Après leur conversation Ezra était allé se coucher tandis qu'il avait encore laissé Kael au salon.

Kael, assis dans la cuisine, une tasse de café à la main, haussa un sourcil. 

– J'ai dormi, merci de t'inquiéter. Mais crois-moi j'ai vraiment regretté d'avoir partagé ton lit que de rester sur le canapé.

Ezra lui jeta un regard noir avant de se servir une tasse de café à son tour. 

– Très drôle. Qu'est-ce qui t'a réveillé si tôt? 

Kael tapota un agenda posé sur la table. 

– J'ai une interview à 10h tu te rappelles. Mais je me suis dit qu'on pourrait aussi faire un truc ensemble. Tu sais, histoire de te sortir de ton antre d'huile et de pièces détachées.

Ezra leva les yeux au ciel, mais il ne put s'empêcher de sourire. 

– Si tu veux m'emmener dans un autre de ces magasins hors de prix, oublie.

– Oh, je pensais plutôt à un truc plus… divertissant.

Ils arrivèrent à l'interview un peu en retard, ce qui n'était pas inhabituel pour Kael. Ils étaient pourtant sortis à l'heure mais les embouteillages n'étaient pas de leur côté. Les locaux de la chaîne étaient modernes et lumineux, et une assistante les accueillit avec un sourire crispé. 

– Monsieur Vesper, vous êtes attendu dans la salle principale.

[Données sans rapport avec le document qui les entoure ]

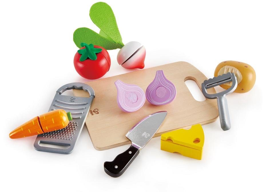 Lieferumfang | Käse, Messer, Reibe, Schneidbrett, Sparschäler, Verschiedenes Gemüse |
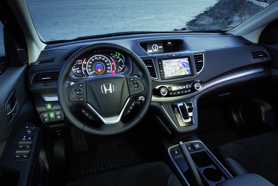 Στο εσωτερικό του ανανεωμένου CR-V υπάρχει νέα χρωμιωμένη επένδυση στο ταμπλό, νέας τεχνολογίας σύστημα infotainment με οθόνη αφής 7 ιντσών, με Bluetooth, κάμερα οπισθοπορείας, τεχνολογία MirrorLink, σύστημα πλοήγησης, internet radio, πολλές πληροφορίες του trip computer κ.λπ.
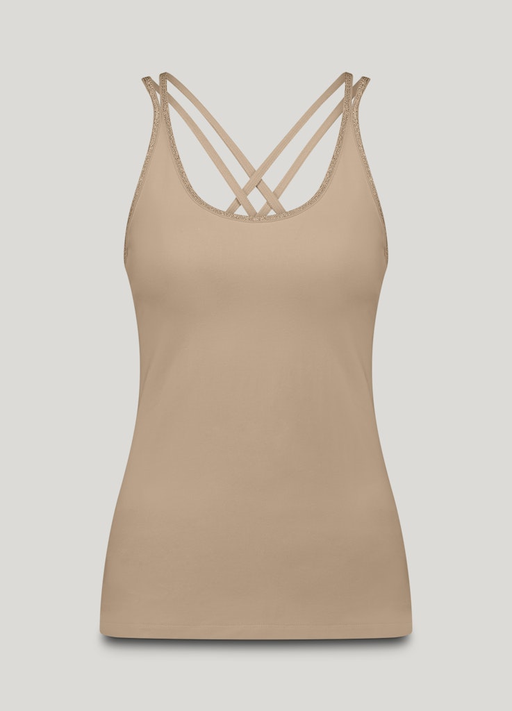 Singlet van Summum met een ronde hals en gevlochten lurex bandjes aan de achterzijde. Materiaal: Katoen 95%| elastan 5%
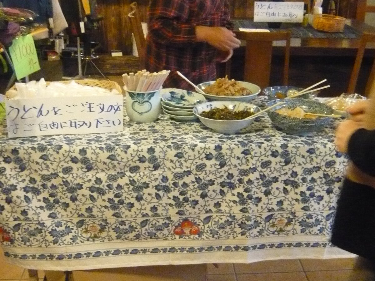 うどん500円を注文するとこのテーブルに載っているお惣菜やおにぎりが食べ放題みたいです・・・お客さんが結構多く「おもてなし」のコーヒーサービスまでは手が回らないみたいでした
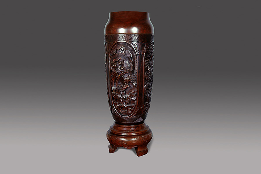 紫檀(拉丁文名:Pterocarpus indicus),别名:紫檀、青龙木、黄柏木、蔷薇木、花榈木、羽叶檀。豆科、紫檀属乔木,是世界名贵木材之一,主要产于南洋群岛的热带地区,其次是交趾。印度的小叶紫檀,又称鸡血紫檀,是目前所知最珍贵的木材,是紫檀木中最高级的。常言十檀九空,最大的紫檀木直径仅为二十公分左右,其珍贵程度可想而知。
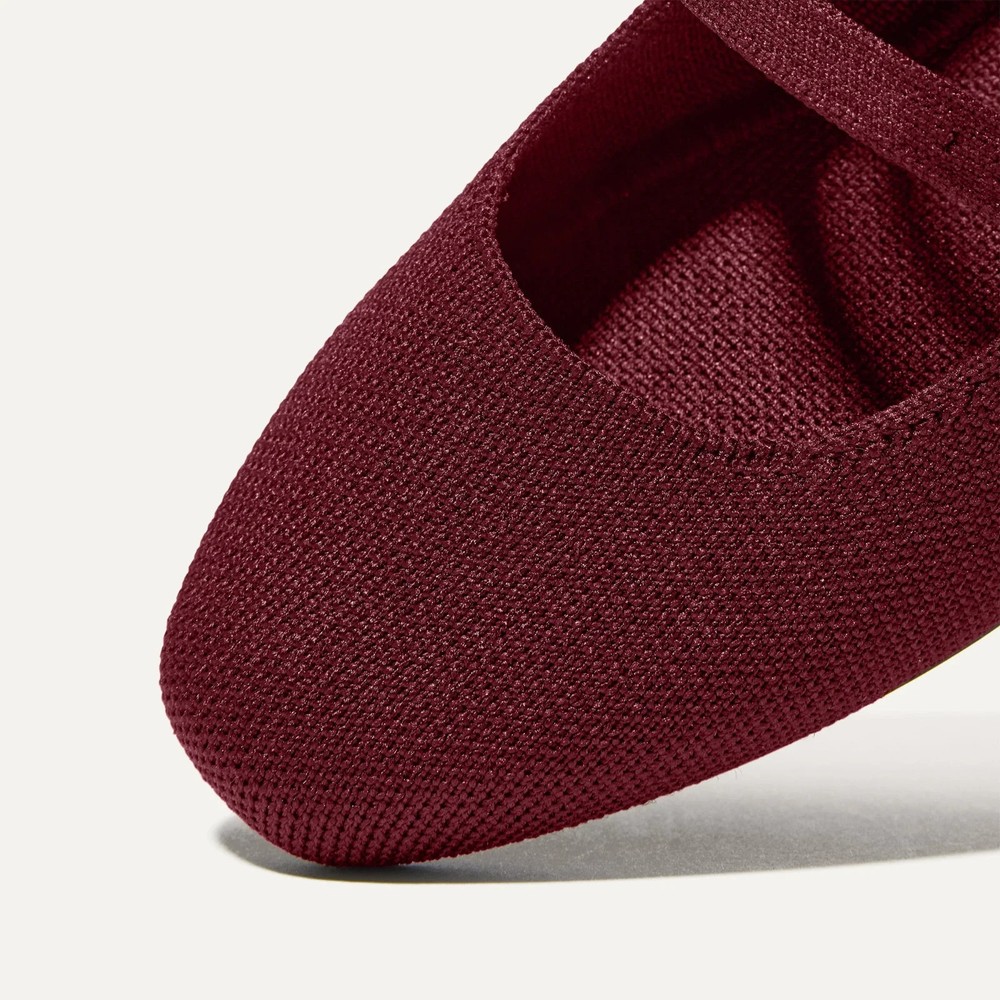 The Double Buckle Mary Jane in Cabernet Soft, flexible upper in deep burgundy . Features two slim, flexible straps with adjustable signature buckles. Comfortable insoles in deep burgundy and durable tan rubber outsoles. All of our styles are machine washable—so they last for the long haul. Slip out insoles. Toss insoles and shoes in the wash with cold water. Air dry. No heat, please. Wear again and again. Knit from Rothy’s signature thread, which is spun from plastic bottles. It took about 9 plastic bottles to knit this pair of shoes.

Kael fit un clin d'œil à Ezra. 

– Essaye de ne pas t'ennuyer sans moi.

Ezra, habitué à ces situations, s'installa dans un coin de la salle d'attente, son téléphone en main. Il observa Kael à travers une vitre, répondant avec aisance aux questions. Mais ce qu'Ezra remarqua surtout, c'était à quel point son ami savait jouer un rôle. Le Kael charmant et sûr de lui qu'il voyait là n'était qu'une façade, et il en était le seul témoin. 

Quand l'interview fut terminée, Kael sortit de la salle avec son sourire habituel. 

– Alors ? 

– Tu devrais avoir un Oscar, répondit Ezra en se levant. 

Kael éclata de rire. 

_ Bon allez on va faire un petit tour!

Quelques heures plus tard, ils étaient sur un circuit privé, loin des paparazzis et des regards indiscrets. Kael avait insisté pour qu'Ezra prenne le volant, bien qu'il n'ait jamais été un fan de vitesse. 

– Sérieusement, Kael ? Tu veux ma mort ou quoi ? grogna Ezra en ajustant le casque que son ami lui avait tendu. 

– Arrête de faire ta chochotte. C'est juste pour que tu comprennes ce que je ressens quand je suis sur la piste.

Malgré ses protestations initiales, Ezra finit par se laisser convaincre. Les premières minutes furent hésitantes, mais rapidement, il trouva un rythme. 

Kael, assis à côté, observait avec un mélange d'amusement et de fierté. 

– Pas mal pour un mec qui préfère bricoler sous une voiture.

– Tais-toi, ou je te laisse ici, répliqua Ezra, concentré sur la route. 

Après quelques tours, il gara finalement la voiture, son cœur battant la chamade. 

– Bon sang, comment tu fais ça tout le temps sans exploser ?

Kael rit en descendant. 

– C'est ce qu'on appelle l'adrénaline, Ez. T'en redemandes, avoue.

Ezra secoua la tête, mais son sourire trahissait son plaisir.